Air pollution, smoking & occupational dust responsible for COPD; Dr SK Varun

Dr SK VARUN

DAINIK NATION BUREAU

Air pollution smoking and occupational dust are responsible for COPD. Smog in Delhi is equivalent to 40 cigarettes smoking per day.

Chronic obstructive pulmonary disease (COPD) is defined as a disease state characterized by airflow limitation that is not fully reversible COPD is the third leading cause of death and affects > 10 million persons in the United States. COPD is also a disease of increasing public health importance around the world. Estimates suggest that COPD will rise from the sixth to the third most common cause of death worldwide by 2020.

Cigarette smoke exposure may affect the large airways, small airways and alveoli. Changes in large airways cause cough and sputum, while changes in small airways and alveoli are responsible for physiologic alterations. Emphysema and small airway pathology are both present in most persons with COPD; however, they do not appear to be mechanically related to each other, and their relative contributions to obstruction vary from one person to another.

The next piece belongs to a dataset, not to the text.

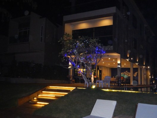 När man väl kommit in genom entrén möts man av den vackra poolen. Det finns flera på området och den här kvällen var det ”förmodligen” ungdomar från Bangkok som hade en riktig härlig weekend där. Det plaskades och lektes.
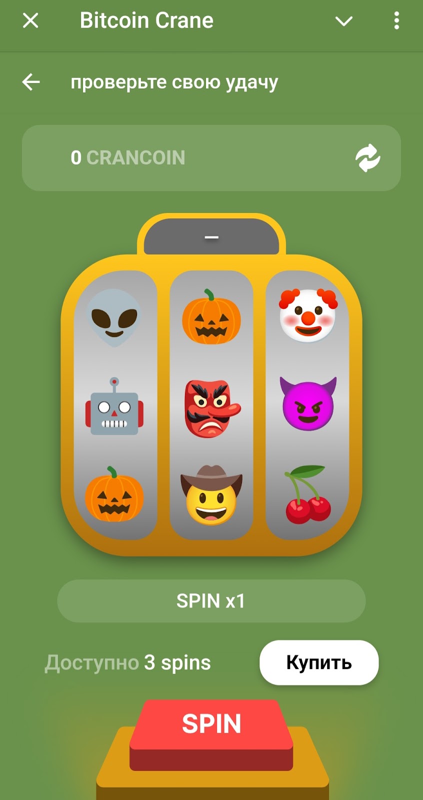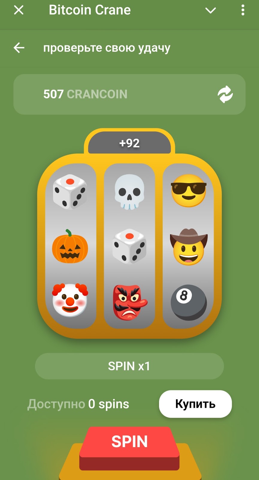 Есть в приложении барабан. В нем доступно 3 бесплатных вращения. В ходе проверки его работы все попытки оказались удачными. Вышло заработать 507 кранкоинов.

Although the causal relationship between cigarette smoking and the development of COPD has been absolutely proved, there is considerable variability in the response to smoking. Although cigar and pipe smoking may also be associated with the development of COPD,the evidence supporting such associations is less compelling, likely related to the lower dose of inhaled tobacco byproducts during cigar and pipe smoking. Increased respiratory symptoms and airflow obstruction have been suggested to result from exposure to dust and fumes at work.

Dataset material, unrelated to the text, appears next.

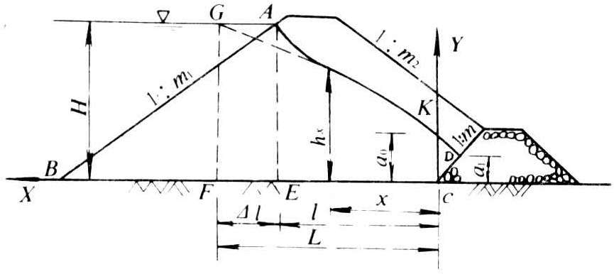 下游部分坝体中的浸润线位置由下式求出:

Several specific occupational exposures, including coal mining, gold mining, and cotton textile dust, have been suggested as risk factors for chronic airflow obstruction. Although nonsmokers in these occupations can develop some reductions in vital capacity, the importance of dust exposure as a risk factor for COPD, independent of cigarette smoking, is not certain for most of these exposures. However, among coal miners, coal mine dust exposure was a significant risk factor for emphysema in both smokers and nonsmokers. In most cases, the magnitude of these occupational exposures on COPD risk is likely substantially less important than the effect of cigarette smoking. Exposure of children to maternal smoking results in significantly reduced lung growth. In pregnancy, tobacco smoke exposure also contributes to significant reductions in postnatal pulmonary function.

 

The three most common symptoms in COPD are cough, sputum production, and exertional dyspnea, many patients have such symptoms for months or years before seeking medical attention. Although the development of airflow obstruction is a gradual process, many patients date the onset of their disease to an acute illness or exacerbation. It has been shown that middle aged smokers who were able to successfully stop smoking experienced a significant improvement in the rate of decline in pulmonary function, returning to annual changes similar to that of nonsmoking patients. Thus all patients with COPD should be strongly urged to quit smoking and educated about the benefits of quitting.

In general bronchodilators are used for symptomatic benefit in patients with COPD Although a recent trial demonstrated an apparent benefit from the regular use of inhaled glucocorticoids on the rate of decline of lung function. Patients with COPD should receive the influenza vaccine annually.

Dr S K Varun

senior Consultant physician and diabetologist

department of internal medicine

Synergy Institute of Medical Sciences Dehradun UK.